Welcome to Start with a Seed part 6. In part 5, I showed you some of the positive and negative results I’d had with my seedling growing project and a tip for keeping cats away from an indoor green house.
Negatives aside, I’m happy to say I’ve managed to keep some of these seedling babes alive, transplanted into larger containers, hardened off outdoors, and planted into the ground.
Transplanting seedlings into larger containers
For transplanting into larger containers, I used 2 methods.
Method 1: Peat moss containers
One was larger sized peat containers filled with seed starter mix.
Method 2: Plastic cups with drain holes
The other was plastic drinking cups with holes made in the bottom using a heated nail. Ken did this for me. He used a lighter to heat up the tip of the nail and then pokes several holes into the bottom of each cup.
Both of these larger seedling pots worked well; however, I found that the peat cups were harder to keep from drying out. The benefit of the peat cups, on the other hand is that you can plant them directly into the ground. I did use the peat moss containers for starting ornamental grass from seed, and the peat containers worked very well for that application.

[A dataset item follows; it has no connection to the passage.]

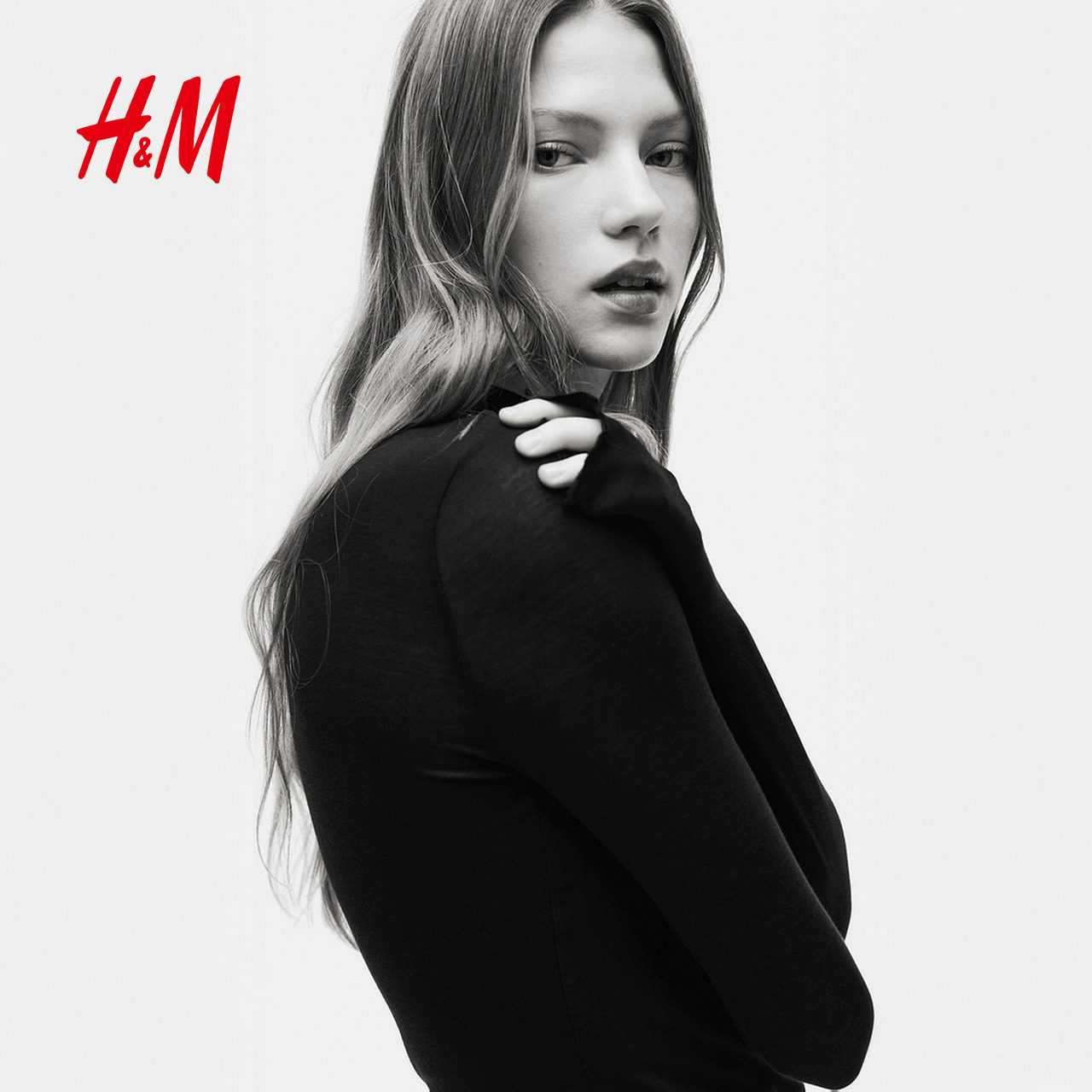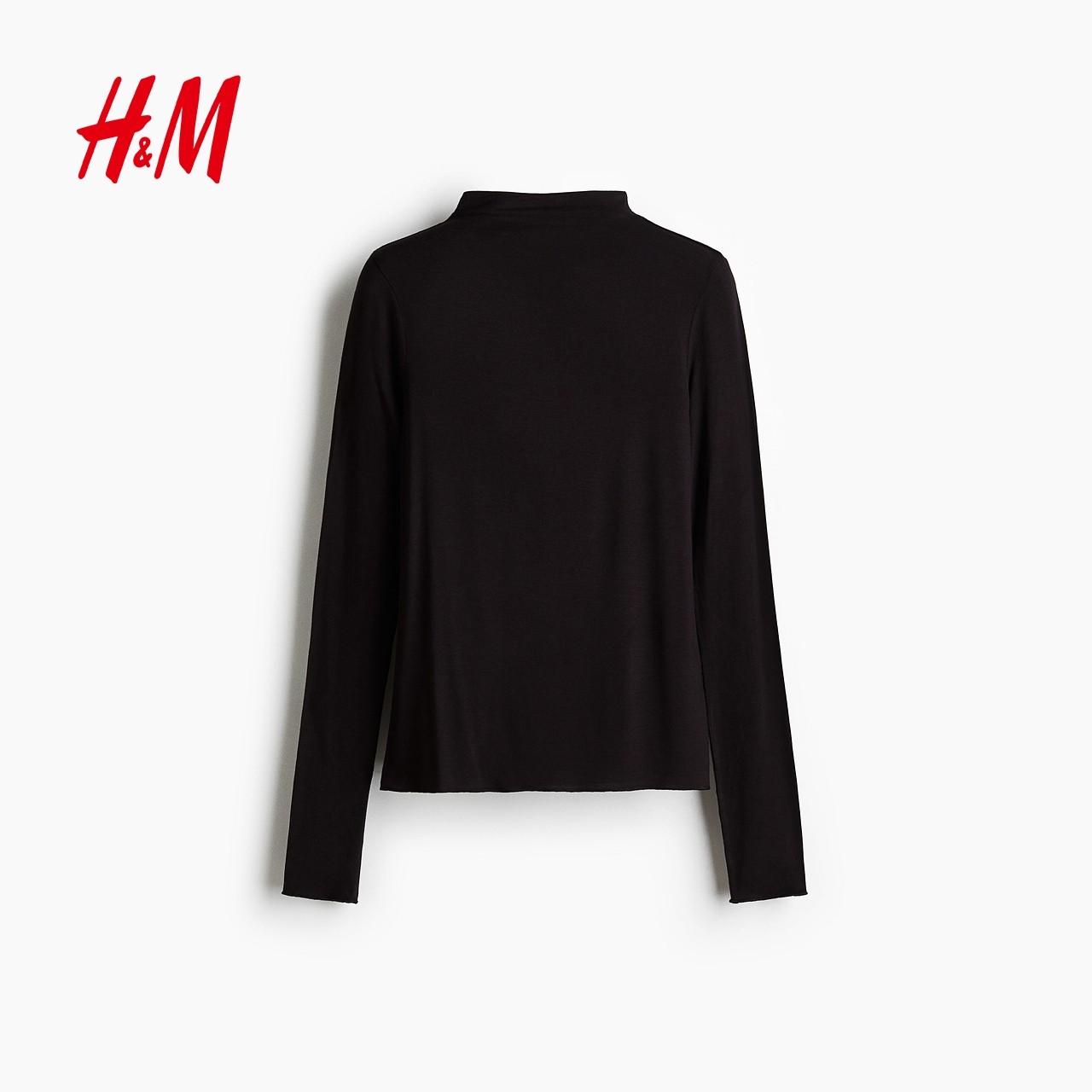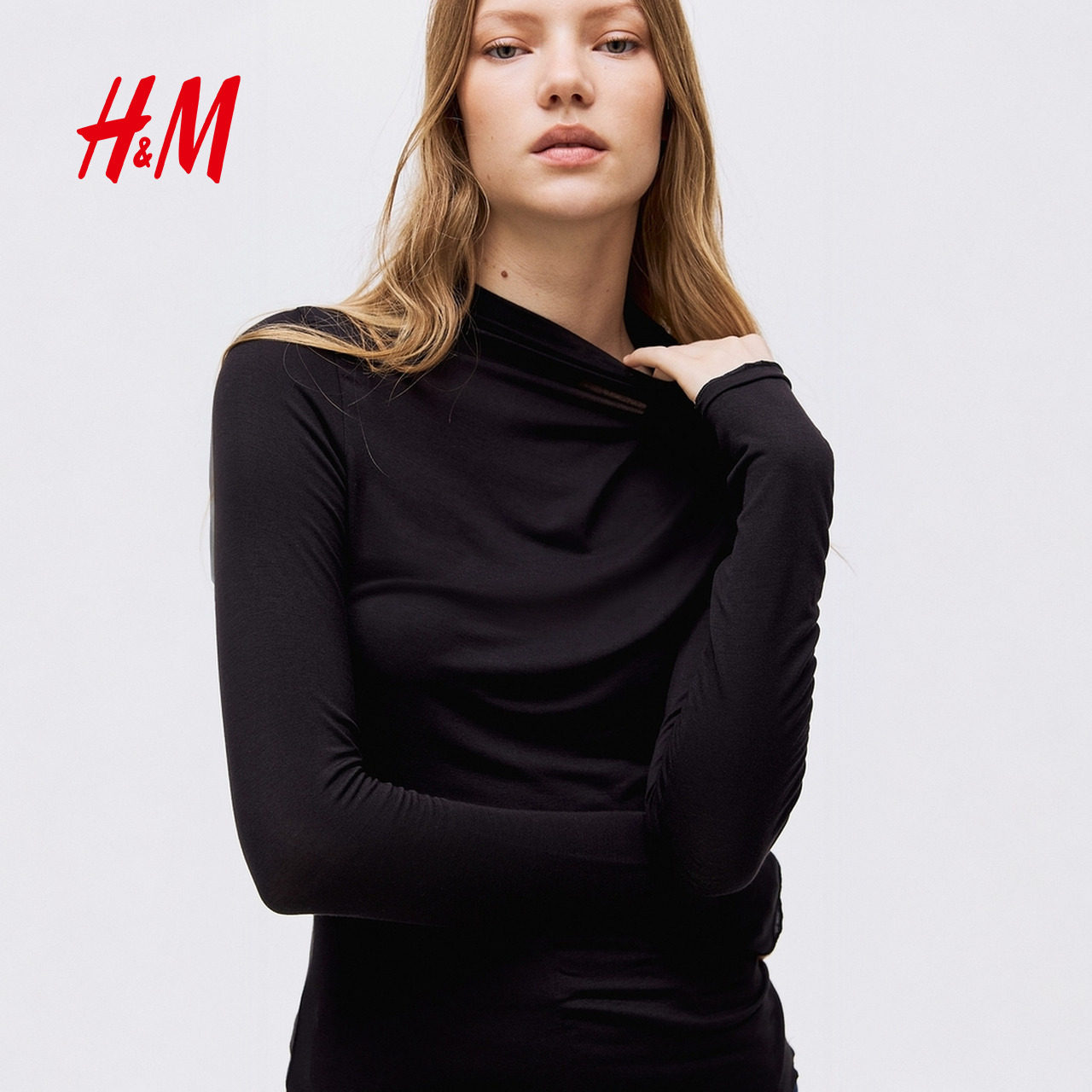 HM女装T恤2025冬季新款高领打底内搭保暖长袖简约休闲上衣1310021

Hardening off seedlings outside
For hardening off outside. I started by placing them outside during the day and taking them in at night. I only did this for a few days, then I started covering them up with a plastic tarp and leaving them out all night. This worked well, but there were barely any nights that went below freezing. If there were more of those nights, I don’t think it would have worked so well. Once I was sure the temp was going to be above freezing, I left the plants out without a cover.
Try placing the planters directly onto the ground
When I first put them outside, I kept them in groups in individual bins. I changed this up after the first rain storm. One, because the bins filled with water, and two because I found that the closer to the earth the seedling were, the better they seemed to grow.

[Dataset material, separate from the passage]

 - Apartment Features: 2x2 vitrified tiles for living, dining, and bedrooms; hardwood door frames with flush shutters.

Try herding all the planters together in one big group
Here’s one tip that really seemed to help during the “hardening off outdoors” phase: Bunch all your pots and planters together as close as possible. I have found that the seedling don’t like to grow solo, but rather in good company. Most likely this keeps them from drying out. Either way, it seemed to make them happy and produce a better survival rate.
If some seedlings seem to delicate to transplant, try hardening them off in their original container.
There were some seedling that were so small during this transition that I didn’t even try to replant them. I just put them out with the others in their original seed starting containers and let mother nature dictate what would happen.
Guess what, many of the seedling plants that I thought were goners, came to life and have since been planted in the garden.
I’ve even been able to give some away to friends.
I’ll have more on my garden planting coming up soon, as well as before and after pics. If you are doing a garden project, make sure to take your own before and after photos. Being able to see the progress makes for great motivation to keep going.